◆ Input:
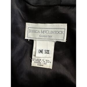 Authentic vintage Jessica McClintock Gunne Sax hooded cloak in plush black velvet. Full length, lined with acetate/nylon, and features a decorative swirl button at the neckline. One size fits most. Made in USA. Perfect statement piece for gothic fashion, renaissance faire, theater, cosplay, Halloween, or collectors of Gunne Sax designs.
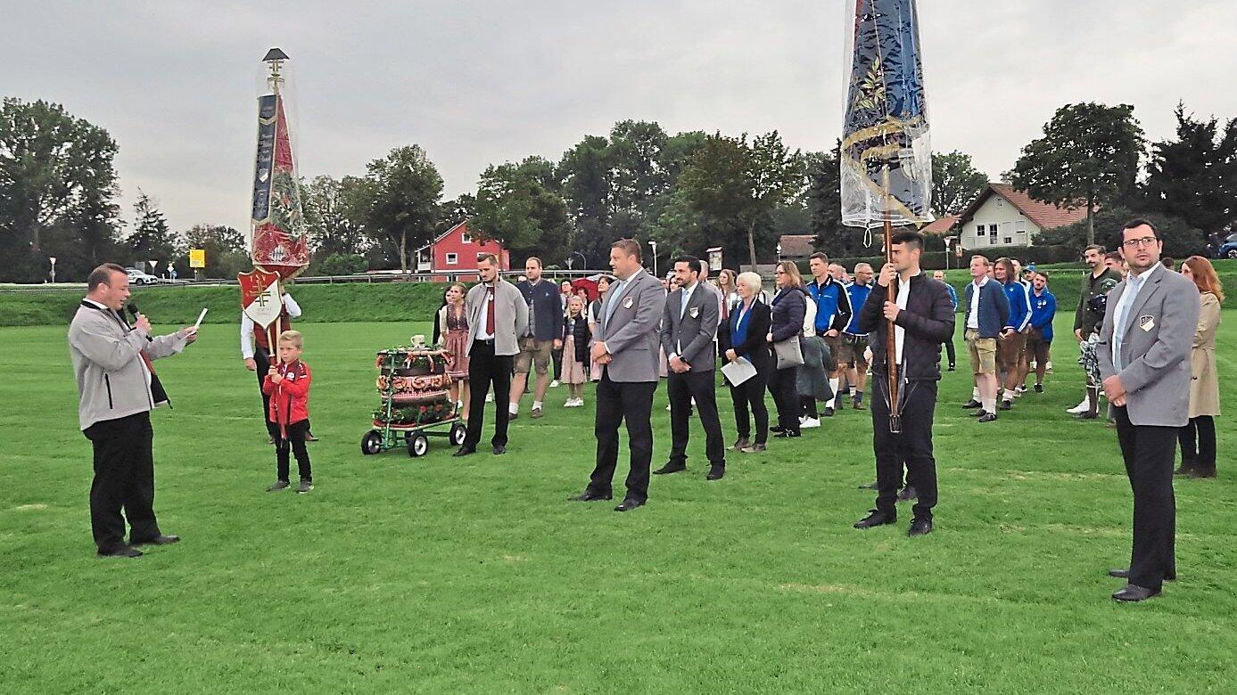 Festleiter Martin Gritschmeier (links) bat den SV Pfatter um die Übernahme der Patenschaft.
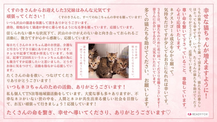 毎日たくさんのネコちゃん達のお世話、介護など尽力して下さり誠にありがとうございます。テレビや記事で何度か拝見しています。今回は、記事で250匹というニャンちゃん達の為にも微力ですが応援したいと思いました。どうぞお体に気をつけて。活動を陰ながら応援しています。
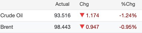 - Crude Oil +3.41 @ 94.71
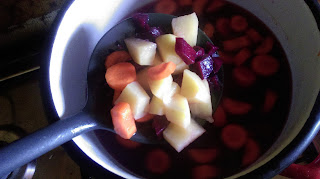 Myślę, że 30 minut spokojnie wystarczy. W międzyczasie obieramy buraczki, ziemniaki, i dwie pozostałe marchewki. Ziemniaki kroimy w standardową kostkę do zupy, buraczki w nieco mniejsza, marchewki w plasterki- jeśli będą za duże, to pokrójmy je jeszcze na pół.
---
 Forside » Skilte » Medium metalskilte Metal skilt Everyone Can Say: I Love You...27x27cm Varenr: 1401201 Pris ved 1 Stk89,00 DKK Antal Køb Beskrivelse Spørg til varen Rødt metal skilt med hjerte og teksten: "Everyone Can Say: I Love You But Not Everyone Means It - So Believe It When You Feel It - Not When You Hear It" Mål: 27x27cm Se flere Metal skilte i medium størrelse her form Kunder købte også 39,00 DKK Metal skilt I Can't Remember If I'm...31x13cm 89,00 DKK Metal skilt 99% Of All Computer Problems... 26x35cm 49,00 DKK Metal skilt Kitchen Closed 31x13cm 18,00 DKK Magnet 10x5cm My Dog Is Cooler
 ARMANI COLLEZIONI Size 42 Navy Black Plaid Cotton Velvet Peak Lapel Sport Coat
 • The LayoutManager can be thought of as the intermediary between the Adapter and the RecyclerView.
* * *
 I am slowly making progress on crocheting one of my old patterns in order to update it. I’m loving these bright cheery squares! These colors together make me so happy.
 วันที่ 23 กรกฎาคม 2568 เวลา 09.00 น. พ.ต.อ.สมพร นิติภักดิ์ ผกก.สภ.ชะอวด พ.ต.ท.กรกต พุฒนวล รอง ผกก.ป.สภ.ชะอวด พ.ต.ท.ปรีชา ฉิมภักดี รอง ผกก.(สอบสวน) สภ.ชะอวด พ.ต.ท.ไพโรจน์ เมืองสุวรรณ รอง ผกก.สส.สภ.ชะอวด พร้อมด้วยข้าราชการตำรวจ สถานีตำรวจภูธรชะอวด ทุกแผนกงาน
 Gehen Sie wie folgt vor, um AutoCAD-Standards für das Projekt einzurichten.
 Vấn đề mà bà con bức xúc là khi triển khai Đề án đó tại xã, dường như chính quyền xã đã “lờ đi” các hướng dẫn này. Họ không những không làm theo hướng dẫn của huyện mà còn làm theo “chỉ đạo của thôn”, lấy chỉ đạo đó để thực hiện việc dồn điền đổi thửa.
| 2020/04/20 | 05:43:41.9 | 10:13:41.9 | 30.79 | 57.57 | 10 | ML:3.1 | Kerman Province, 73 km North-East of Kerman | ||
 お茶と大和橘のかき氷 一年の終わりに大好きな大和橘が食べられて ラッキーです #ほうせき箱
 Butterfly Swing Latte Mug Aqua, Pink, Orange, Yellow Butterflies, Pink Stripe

◆ What is required: Using the records above, write out exactly the lines between the one holding "ARMANI COLLEZIONI Size" and the one holding "and the RecyclerView.", inclusive; leave everything else out.

◆ Exercise response:
 ARMANI COLLEZIONI Size 42 Navy Black Plaid Cotton Velvet Peak Lapel Sport Coat
 • The LayoutManager can be thought of as the intermediary between the Adapter and the RecyclerView.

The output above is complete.